Yas (Iasi), Romania until 1944 when liberated by Russia
Name of father, occupation
Shimon Moisa, Sold newspapers, had a small store with a market
Maiden name of mother, occupation
Pearl Uris, Homemaker, businesswoman
Immediate family (names, birth order)
Parents and me
How many in entire extended family?
8
Who survived the Holocaust?
Parents, grandparents, my aunt, uncle, and me
My grandfather and father were in a work camp together.  I met my father for the first time when I was two years or three years old.  We were lucky, Romania wasn’t, as far as I know, like Hungary where they sent Jews to the gas chambers.  It was mainly to work camps or they killed them.  What I’ve been told, they would take Jews to the river, have them dig their own graves and then shoot them all. 

I remember when I was two, three years old; I wore a yellow piece of cloth that had the Jewish star on it.  I was told when I used to go out, people would say Jew, you don’t belong here, go to Palestine.  I also remember, being told, that when I was born, the midwife said, another dirty Jew is born.
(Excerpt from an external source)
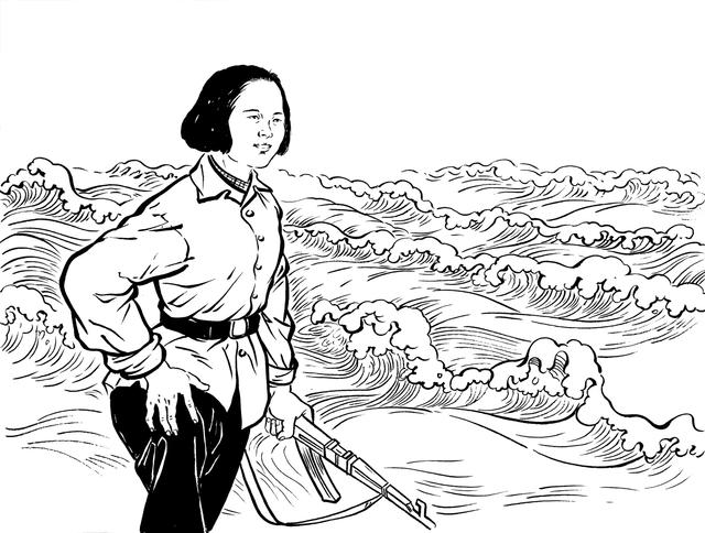 3. 短发齐耳,纤腰紧束武装带,腰间斜插小手枪,裤脚挽得高高的,肩膀上扛着沉甸甸的炮弹,俊俏的脸庞荡漾着灿烂的笑容……少女的柔媚与刚健集于一身,飒爽英姿,青春勃发。她就是小嶝岛英雄民兵群体中闪亮的代表——洪秀枞。

My mother, grandmother, aunt, and I lived together; later my father came back from the labor camp.  
I remember my mother was wounded as the Russians were attacking the Germans.  My mother was in the market when she was wounded by a bomb, she lost her foot. 

When the Russians came in, we left to go to Israel.  I remember that we always ran away.  We always ran from one place to another.  We took a train and that was a big deal to me, we went to Bucharest and other places.  

My parents wanted me to learn everything there was about my heritage.  They didn’t speak to me in Romanian,  they spoke to me in Yiddish because that’s the language of the Jewish people.

When we left Romania, we hired people to cross us from the border of Romania to Hungary.  Those people took all of our money then they turned us over to the Hungarian police.  While the police took us, a truck came I think from the Joint Distribution Committee (JDC).  They paid off the police.  

From there, we lived in a synagogue in Budapest.  Some gracious Jews used to come and take the children out.  From there, we went to Vienna.  When we crossed the border between Hungary and Austria, we were supposed to be quiet.  I had a baby brother at that time that was a year old or so at the time.  He started crying, my father almost suffocated him.  The Russians were shooting at us because we were running toward the American zone.  We ended up in Vienna where we were in the hands of the Joint until we got to Israel.  This was probably 1946 or 1947.

From Vienna, we went to another part of Austria that used to be a concentration camp that had a gas chamber in it.  I remember that my brother got lost in that camp and we couldn’t find him.  We find him in a hole.  In that hole, we found soap that was there made out of pure Jewish fat, my parents told me.  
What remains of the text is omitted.